Skip to first unread message

Rodrigo Ortega

unread,

Dec 8, 2017, 1:33:17 AM12/8/17

to Oligotyping and MED

Hi Meren,

First of all, thank you very much for your work on oligotyping. I really enjoyed reading the papers, and it seems like a very promising tool for my work. I can’t wait to work with it on my data.

I have a very naive and newbie question. I have read our tutorials and blog articles, and it is clear to me that this tool is to be used with Illumina or 454 data. I have Illumina data that I can work with, but that is not what brings me to write here.

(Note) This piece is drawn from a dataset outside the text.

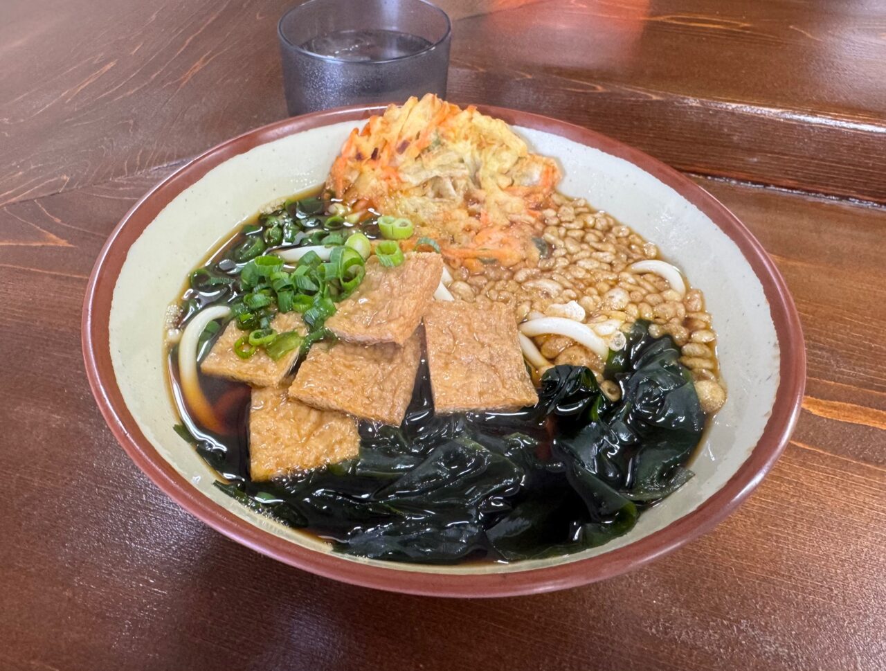 こちらが「モーニングうどん」並サイズです。きつね、ミニ天ぷら、わかめが入って550円とコスパ最高です。大盛・特盛にサイズ変更もできます。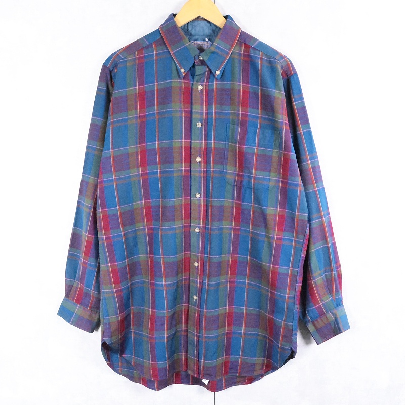 70's PENDLETON USA製 チェック柄 ウールボタンダウンシャツ L [165061]

I have a dataset of marker (consensus) sequences that are publicly available. Many of these have been generated using Sanger sequencing… Unfortunately, there does not seem to be SRA FASTQ data available for those sequences either. However, I am very interested in applying the oligotyping approach to them. I am thinking of using snippy to generate pseudo-reads from those marker sequences that I can then use with oligotyping. I have done preliminary analysis using the FASTA consensus sequences and aligned them to a reference alignment using PyNAST, and other tools to identify metadata-associated SNPs. I have identified group-specific SNPs this way. However, I think that oligotyping has much more potential for identifying subtle variations in publicly available assembled data.

Do you think that this is a valid approach? What would you recommend in terms of oligotyping parameters if I was to use this approach?